Not least just how many there are – Wikipedia says 360, and rather inaccurately, the author says, ‘as per days in the year.’ 

Whilst the Sifnos website says there are 237.

Anyway, both agree that is more than any other island in the Greek Cyclades.

If you are already bored, please do feel free to leave.

I had it on shaky authority that there are only four full-time priests on the island but my informant, by his own admission, takes very little interest in all things religious.

The local bar owner, however, said, ‘Maybe about 10 priests.’

(Given that a significant proportion of the population leave the island once the season is over – to travel, put their feet up in Athens, shake the dust of tourists off their heels – perhaps four priests are enough and the other six can also put their feet up.)

Both my informants, along with many, many others will be at the famous church in Chrysopigi on Thursday – sadly the day after we have left – to welcome the icon of Panagia (Mary) who arrives by boat from the island’s main port, Kamares.

I had imagined a decorated traditional boat with a band of the faithful bringing it into the Chrysopigi, but apparently, and more prosaically, it comes on a ferry making a detour before heading back to take passengers to Piraeus.

The traditional ritual which is followed is kept unchanged throughout the years and the custom is guarded with great respect. Each year, a member of the church has the fortunate fate of being selected to keep and preserve for one whole year the sacred illustration of Panagia; this is considered a great honour and a blessing for that person, who is in charge of taking care of the picture and making sure that it is maintained in the best way possible. And when the day that the name of Panagia is celebrated comes, he/she has the responsibility not only to undertake the whiting and the adornment of the church, but also the expenses for the whole panigiri, including the food and the wine, offered.

So, just to be clear, that is the responsibility and cost of a meal of traditional chickpea stew, then lamb and sweet things, plus wine and etc etc. and for a lot of people…..whitewashing inside and out and putting up the bunting.

and all decked out ready and waiting

The food part of the event is called ‘the love table’.

I’ll bet it is.

Apparently, there is a long waiting list for this honour…….

I checked this out with the local bar owner and she said yes indeed there was a list. The numbers were picked by something like a tombola and if you ‘won’ you could say thanks but no thanks, ‘ I do no have the economy to do that.’ or yea bring it on.

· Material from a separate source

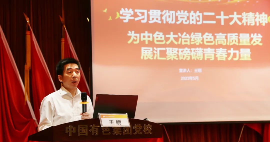 ????宣講人以《學習貫徹黨的二十大精神為 中色大冶綠色高質量發展匯聚磅礴青春力量》為題,從為什么黨的二十大如此重要、黨的二十大報告有哪些新提法、從黨的二十大報告中學什么,以及如何理解黨的二十大報告中關于青年工作的論述、新時代有色青年應該怎么干等五個方面,結合公司實際,深入淺出地講解了如何學習貫徹黨的二十大精神,強化理論武裝、筑牢思想根基,把二十大精神落實到具體行動之中,永遠跟黨走,奮進新征程。
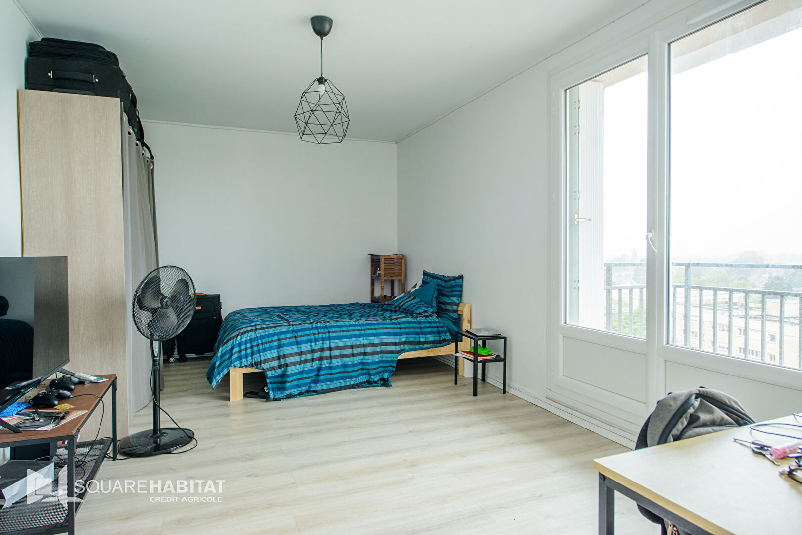 Il se compose d'un séjour/chambre ouvrant sur un premier balcon, d'une cuisine indépendante séparée avec accès à un second balcon, de deux chambres, , d'une salle de bains et de WC séparés.

The icon of Panagia Chrysopigi, which is a true treasure for the Sifnians, was found in the sea by fishermen during the Iconomachia period and was transferred to the holy rock where her Temple was built on the site of a pre-existing temple. It is even said that as many times as they tried to transfer her to another temple, the Virgin became unliftable like a pencil. 

I am certainly not in any position to challenge anyone working in another language but a pencil? (Perhaps the lead of the pencil?)

And, in case you were wondering about why you didn’t recall the Iconomachia period: 

The term originates from the Byzantine Iconoclasm, the struggles between proponents and opponents of religious icons in the Byzantine Empire from 726 to 842 AD.

Iconoclasm was largely an Eastern Christian conflict. Western Christianity never became seriously concerned with it, to the delight of art historians.

So, as the patron saint of the island Mary splintered her little promontory from the headland the prevent pirates of some sort ‘attacking’ devout women.

She stopped the plague twice and in 1927 after her icon procession, the locusts plaguing in the island upped and left.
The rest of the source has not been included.